### ASSIGNED TASK
Below are records with pictures. Reproduce exactly the lines from the line with "活动中,广东博文学校冯吉、开" to the line with "R LOUNGEにて開催され", inclusive, and leave each picture out.

### INPUT FOR THIS TASK
--------------------------------------------------
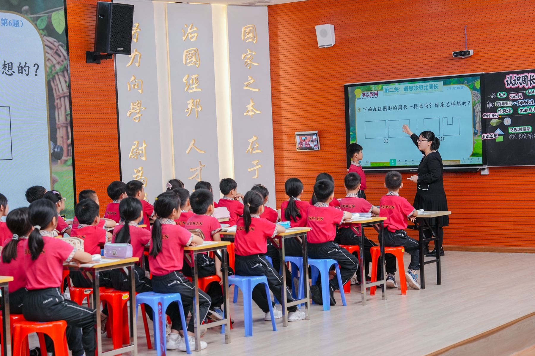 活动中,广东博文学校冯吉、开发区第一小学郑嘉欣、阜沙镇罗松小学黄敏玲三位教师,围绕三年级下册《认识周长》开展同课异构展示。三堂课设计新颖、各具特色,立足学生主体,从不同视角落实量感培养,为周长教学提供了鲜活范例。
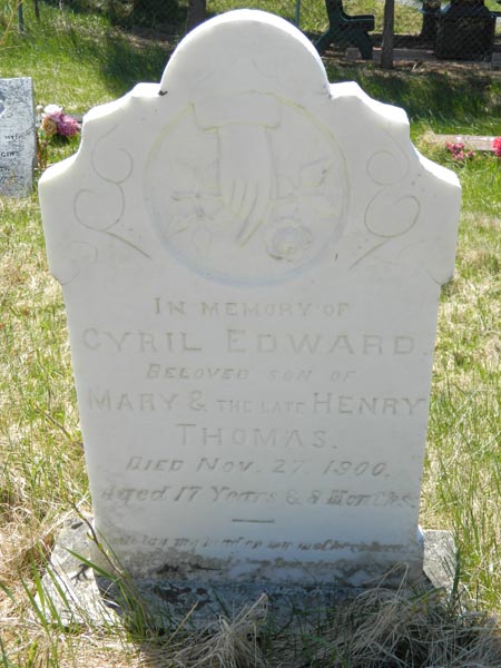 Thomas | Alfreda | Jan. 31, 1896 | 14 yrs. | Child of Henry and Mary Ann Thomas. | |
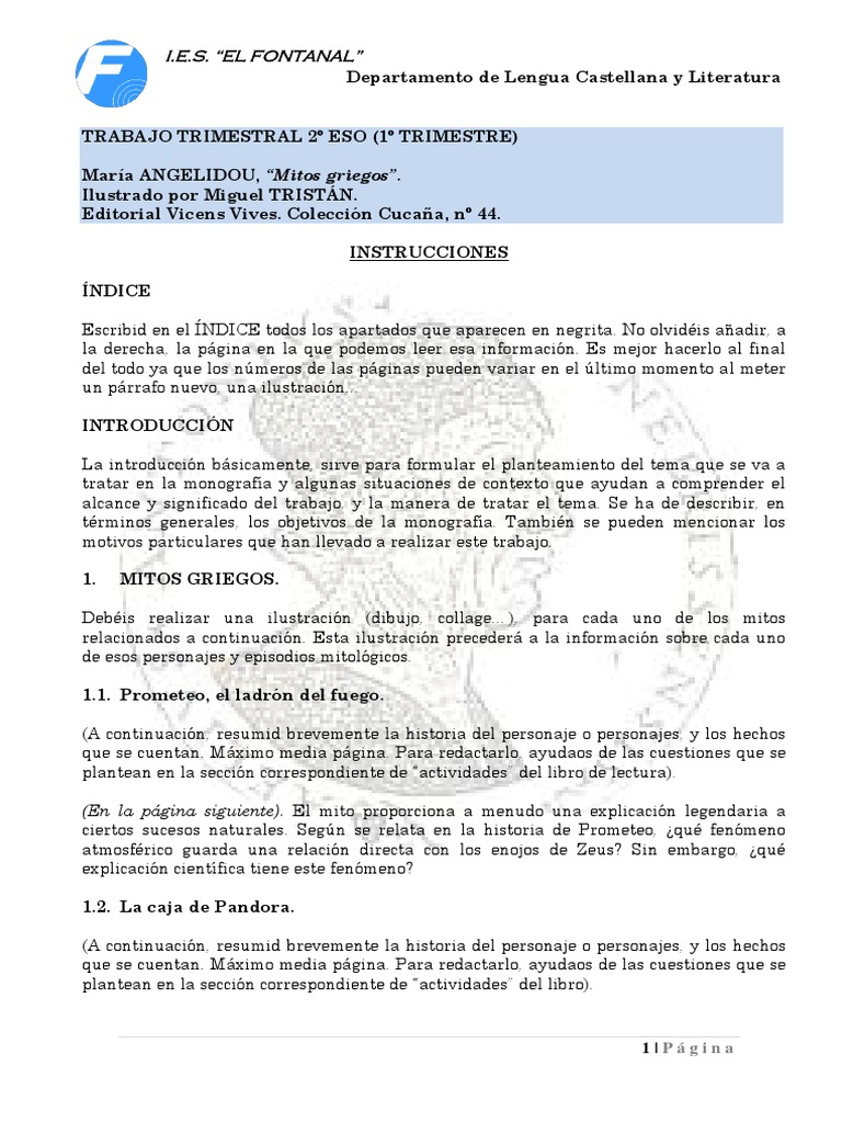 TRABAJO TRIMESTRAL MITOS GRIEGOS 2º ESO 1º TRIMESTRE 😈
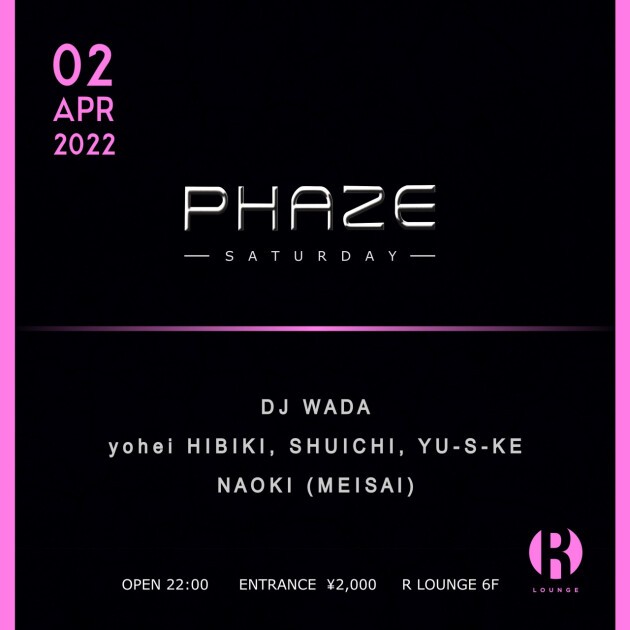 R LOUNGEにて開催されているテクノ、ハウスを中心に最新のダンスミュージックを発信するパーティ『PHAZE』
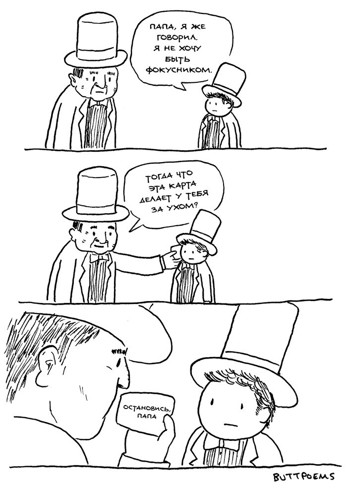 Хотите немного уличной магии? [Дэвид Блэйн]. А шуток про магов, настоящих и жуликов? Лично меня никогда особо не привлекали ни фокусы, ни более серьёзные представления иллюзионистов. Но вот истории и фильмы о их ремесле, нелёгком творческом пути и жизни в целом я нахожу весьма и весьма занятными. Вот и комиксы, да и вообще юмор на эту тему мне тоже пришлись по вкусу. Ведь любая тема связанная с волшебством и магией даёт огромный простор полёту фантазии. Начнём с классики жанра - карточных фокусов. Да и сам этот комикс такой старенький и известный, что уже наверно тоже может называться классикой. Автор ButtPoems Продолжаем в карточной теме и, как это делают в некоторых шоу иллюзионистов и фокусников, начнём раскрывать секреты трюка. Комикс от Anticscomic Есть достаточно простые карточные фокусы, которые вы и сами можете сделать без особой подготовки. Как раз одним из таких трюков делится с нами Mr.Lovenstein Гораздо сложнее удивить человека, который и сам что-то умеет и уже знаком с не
--------------------------------------------------
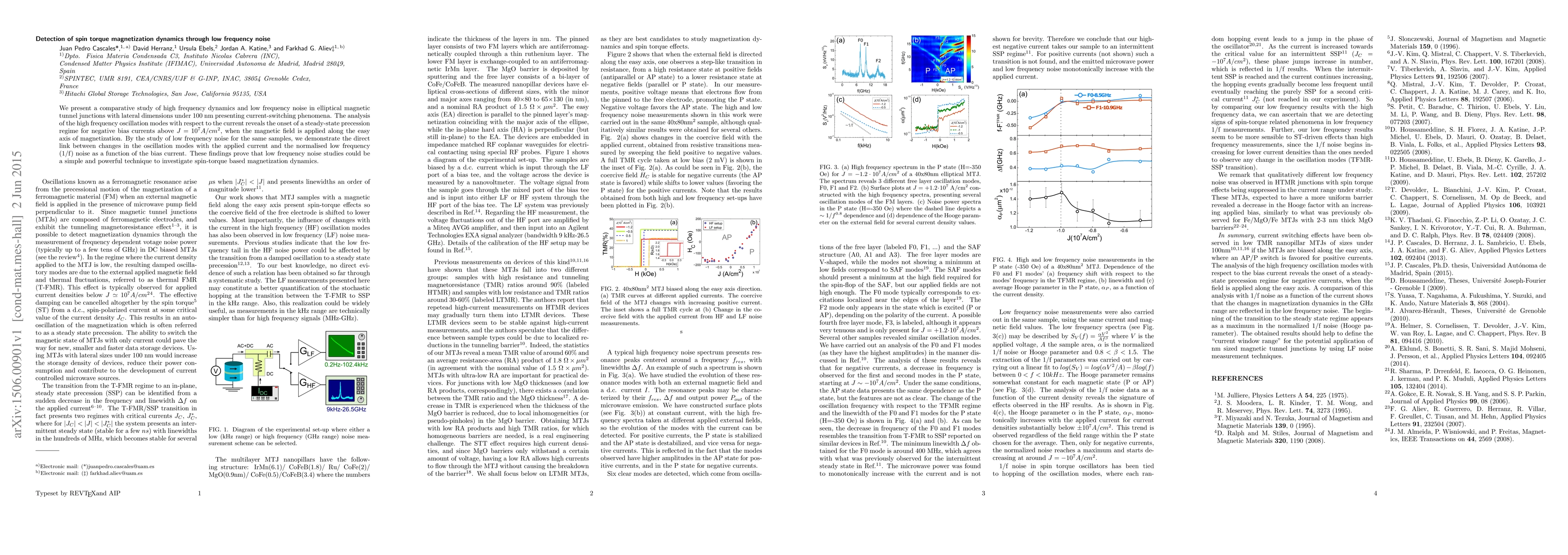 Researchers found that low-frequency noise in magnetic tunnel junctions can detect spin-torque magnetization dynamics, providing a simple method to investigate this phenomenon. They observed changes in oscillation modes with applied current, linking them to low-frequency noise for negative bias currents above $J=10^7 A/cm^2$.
--------------------------------------------------
### OUTPUT FOR THIS TASK
 活动中,广东博文学校冯吉、开发区第一小学郑嘉欣、阜沙镇罗松小学黄敏玲三位教师,围绕三年级下册《认识周长》开展同课异构展示。三堂课设计新颖、各具特色,立足学生主体,从不同视角落实量感培养,为周长教学提供了鲜活范例。
 Thomas | Alfreda | Jan. 31, 1896 | 14 yrs. | Child of Henry and Mary Ann Thomas. | |
 TRABAJO TRIMESTRAL MITOS GRIEGOS 2º ESO 1º TRIMESTRE 😈
 R LOUNGEにて開催されているテクノ、ハウスを中心に最新のダンスミュージックを発信するパーティ『PHAZE』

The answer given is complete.